Number 5. Let’s do something to help lower and moderate income Californians own their homes.
Homeownership has been a major theme here, and will continue to be until housers across the board realize that who owns homes is central to the housing question. Multifamily homeownership strategies, which include everything from condos to community land trusts to extended families and friend groups owning a single family home together, are key to this (rich folks have shown that the secret to owning things is often owning them together). There are so many things that we can do in the state to support the production of these opportunities, including construction defect reform, better enabling pre-sales of future units, technical assistance to regular folks, and more California Dream for All. While the budget will make some things hard, there is much work that can be done policy-wise, and especially coalition-wise. Resident-controlled housing - including forms of homeownership where the resident has zero equity - is a central pillar around which much of the housing community can and should rally.
Number 6. Let’s talk more about middle income housing, and do so in a way that builds a coalition with lower income Californians.
I’m excited to be part of a report coming out in early 2024 that looks at Californians by income, specifically by the Area Median Income (AMI) bands that dominate housing policy. Who makes up moderate income (80-120% of AMI) California? The answer may surprise you, and I’m excited to be part of discussions throughout the year as the housing spotlight on ‘missing middle’ housing grows. But for those of us who are part of this conversation, we have to remember to build it in ways that also engage with Californians below 80% of AMI, i.e. lower-income California. I won’t spill the beans about how many lower or middle income Californians there are, or what percentage are BIPOC. But I can tell you that neither group is large enough and powerful enough to win critical changes to our housing system on their own. Only by working in coalition can we drive housing change.
Number 7. Let’s see SB555 for the opportunity it is to actually realize the social housing dream.
I was pleasantly surprised to see both of the social housing bills (AB309 and SB555) make it through the legislature, and even more surprised that one of them (SB555) got signed. Now it’s time to work. SB555 sets us on a course to build a social housing plan for the state by 2026. The good news is that 1) we have time, which is a blessing because this will be hard politically and technically, and 2) the person in charge of the agencies in charge of the plan is a great one (see item 1). The bad news is that too many folks on both sides of the social housing aisle are digging in on their narrow vision of what can be the most inclusive ideas in housing.
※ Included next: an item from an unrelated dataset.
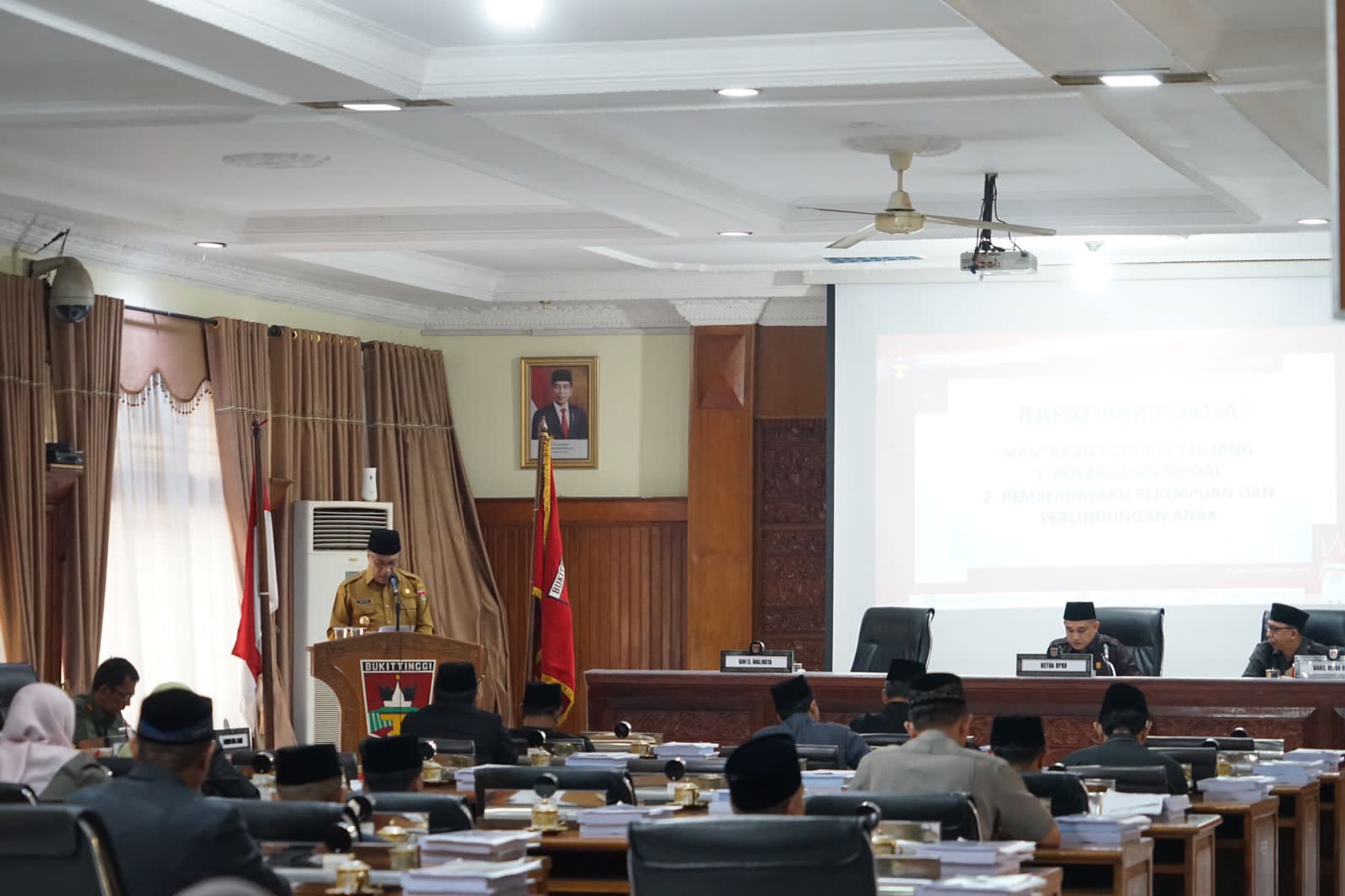 Wakil Wali Kota Bukittinggi hantarkan ranperda penanaman modal serta Pemberdayaan Perempuan dan Perlindungan Anak (PPPA) ke DPRD. Dua ranperda itu dihantarkan dalam rapat paripurna, di Gedung DPRD, Selasa, 21 November 2023.

SB555 is the law of the land, and folks who supported AB309 now need to recognize this publicly and work towards shared goals. Supporters of SB555 need to avoid the temptation to see the AB309 veto as a sign that they have the ‘winning’ vision of social housing or that they are powerful enough politically to realize any social housing vision on their own - with or without a state plan. We need both sets of social housers working together, and working to convince the thousands of more powerful and more skeptical organizations out there that we can build a plan, or in reality, a series of plans only one of which will be the SB555 plan. Oh, and if you think our current Affordable Housing system just needs some tweaks or a few billion dollars, see above.
Building a Better Housing Development Industry
Number 8. Let’s make sure we pay attention to SB4 implementation.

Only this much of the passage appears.